▶ _Given data_
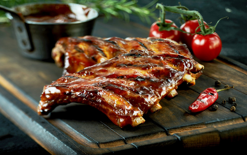 Reikės: 2 kg kiaulienos šonkauliukų, 2 šaukštų pomidorų pastos arba kečupo, 1 svogūno, 3 skiltelių česnakų, 1 šaukšto aliejaus, druskos, maltų juodųjų pipirų, aitriosios paprikos miltelių, kmynų pagal skonį, 1 šaukštelio cukraus, 1 šaukštelio garstyčių.
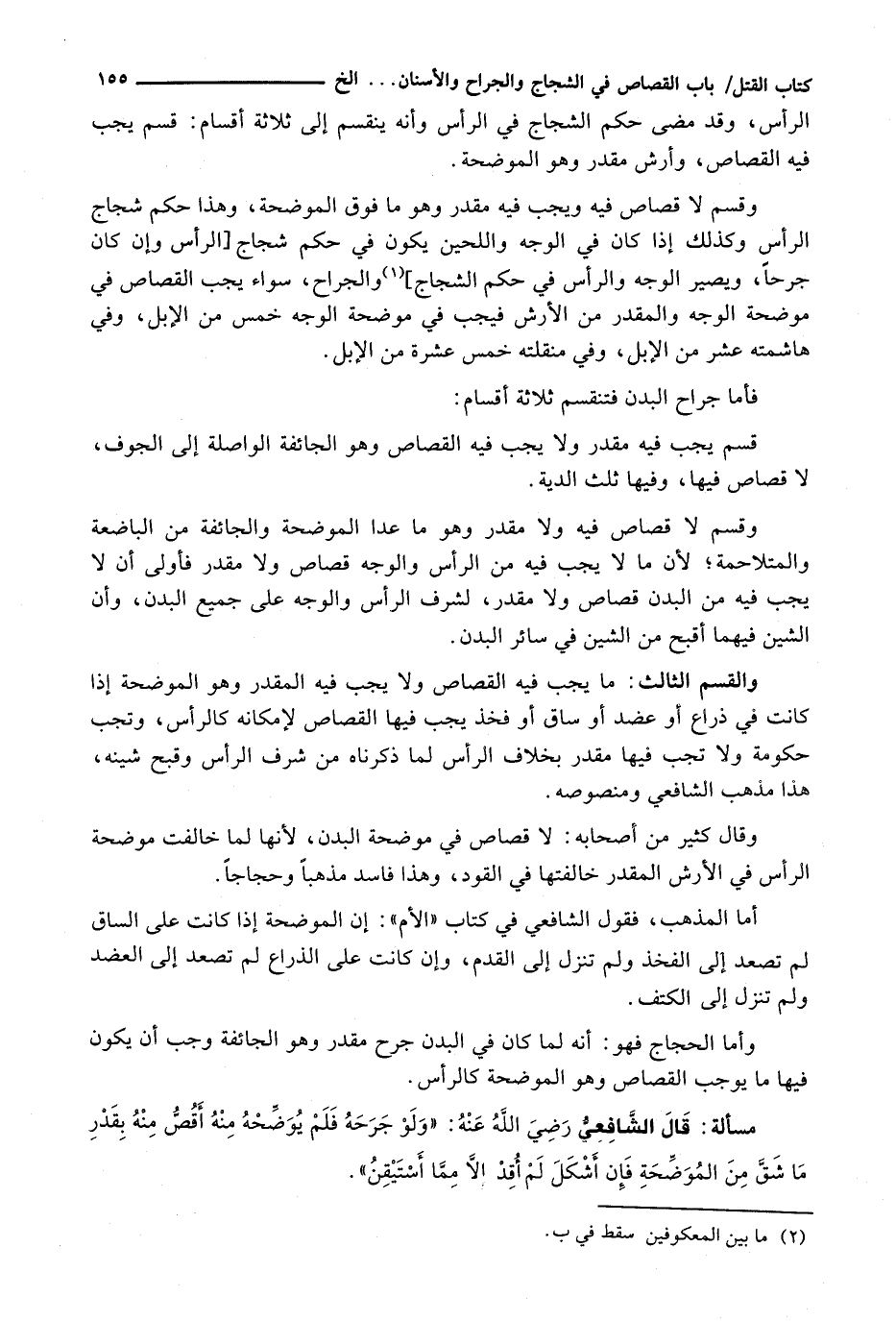 وَالْقِسْمُ الثَّالِثُ: مَا يَجِبُ فِيهِ الْقِصَاصُ وَلَا يَجِبُ فِيهِ الْمُقَدَّرُ وَهُوَ الْمُوضِحَةُ إِذَا كَانَتْ فِي ذِرَاعٍ أَوْ عَضُدٍ أَوْ سَاقٍ أَوْ فَخِذٍ يَجِبُ فِيهَا الْقِصَاصُ لِإِمْكَانِهِ كَالرَّأْسِ، وَتَجِبُ حُكُومَةٌ وَلَا تَجِبُ فِيهَا مُقَدَّرٌ بِخِلَافِ الرَّأْسِ لِمَا ذَكَرْنَاهُ مِنْ شَرَفِ الرَّأْسِ وَقُبْحِ شَيْنِهِ، هَذَا مَذْهَبُ الشَّافِعِيِّ وَمَنْصُوصِهِ.
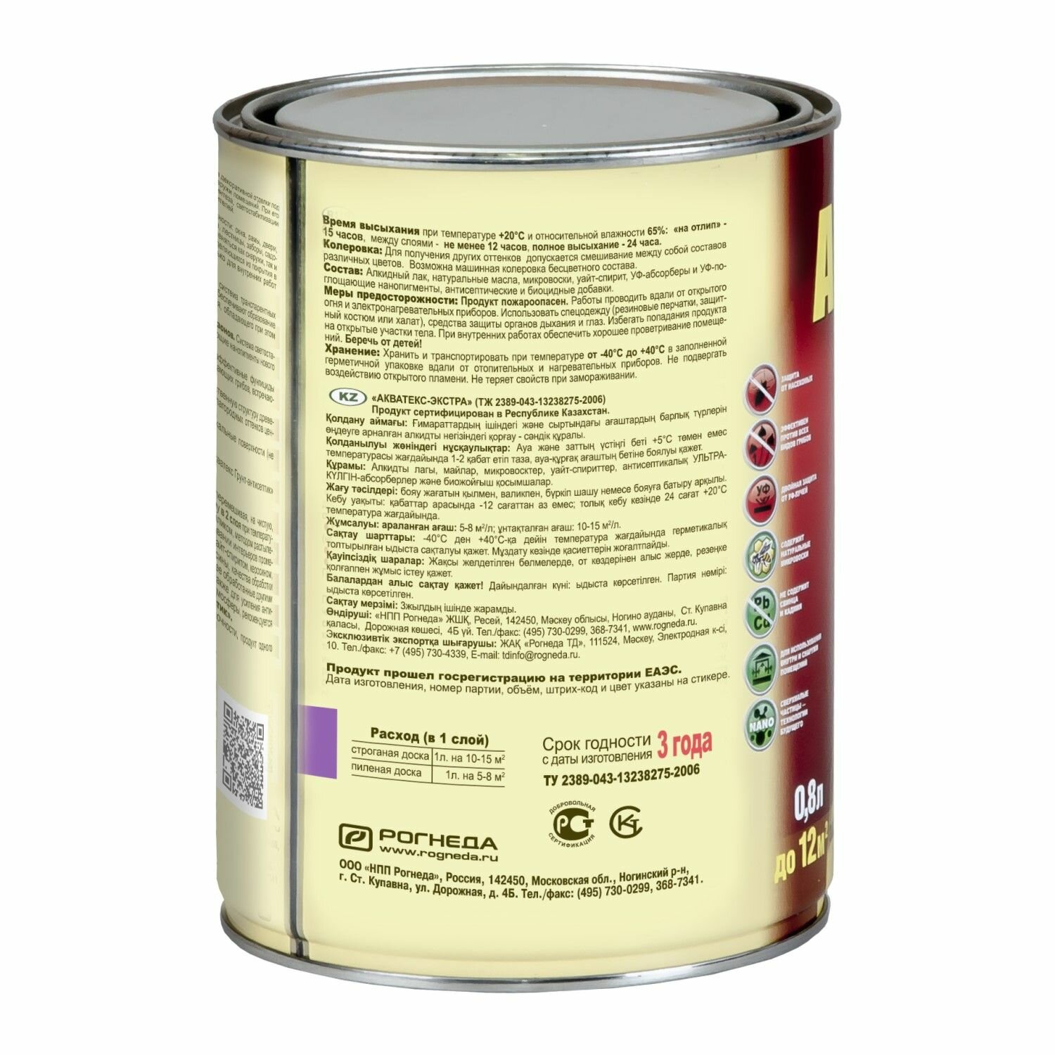 | Дополнительная информация | разбавление допускается, но не более 15% от общей массы состава; межслойная сушка - 12 часов (при t+20+/-2С); хранение и транспортировка: при t от -40С до +40С, не теряет свойств при замораживании; состав: алкидные смолы, натуральное масло, уайт-спирит, натуральный микровоск, высокоэффективные трудновымываемые биоцидные компоненты, светостойкие транспарентные нано-пигменты, УФ-фильтры UVA и UVB-диапазонов, УФ-абсорберы; количество слоев: внутри помещения - 1-2 слоя, снаружи помещения - 2 слоя; расход в один слой: для строганной древесины: 1л на 10-15м2, для пиленной древесины: 1л на 5-8 м2; межслойная сушка - 12 часов; допускается смешивание цветов между собой |

▶ _The task_
Write out the data above in full and exactly, but without the pictures.

▶ _Solution_
 Reikės: 2 kg kiaulienos šonkauliukų, 2 šaukštų pomidorų pastos arba kečupo, 1 svogūno, 3 skiltelių česnakų, 1 šaukšto aliejaus, druskos, maltų juodųjų pipirų, aitriosios paprikos miltelių, kmynų pagal skonį, 1 šaukštelio cukraus, 1 šaukštelio garstyčių.
 وَالْقِسْمُ الثَّالِثُ: مَا يَجِبُ فِيهِ الْقِصَاصُ وَلَا يَجِبُ فِيهِ الْمُقَدَّرُ وَهُوَ الْمُوضِحَةُ إِذَا كَانَتْ فِي ذِرَاعٍ أَوْ عَضُدٍ أَوْ سَاقٍ أَوْ فَخِذٍ يَجِبُ فِيهَا الْقِصَاصُ لِإِمْكَانِهِ كَالرَّأْسِ، وَتَجِبُ حُكُومَةٌ وَلَا تَجِبُ فِيهَا مُقَدَّرٌ بِخِلَافِ الرَّأْسِ لِمَا ذَكَرْنَاهُ مِنْ شَرَفِ الرَّأْسِ وَقُبْحِ شَيْنِهِ، هَذَا مَذْهَبُ الشَّافِعِيِّ وَمَنْصُوصِهِ.
 | Дополнительная информация | разбавление допускается, но не более 15% от общей массы состава; межслойная сушка - 12 часов (при t+20+/-2С); хранение и транспортировка: при t от -40С до +40С, не теряет свойств при замораживании; состав: алкидные смолы, натуральное масло, уайт-спирит, натуральный микровоск, высокоэффективные трудновымываемые биоцидные компоненты, светостойкие транспарентные нано-пигменты, УФ-фильтры UVA и UVB-диапазонов, УФ-абсорберы; количество слоев: внутри помещения - 1-2 слоя, снаружи помещения - 2 слоя; расход в один слой: для строганной древесины: 1л на 10-15м2, для пиленной древесины: 1л на 5-8 м2; межслойная сушка - 12 часов; допускается смешивание цветов между собой |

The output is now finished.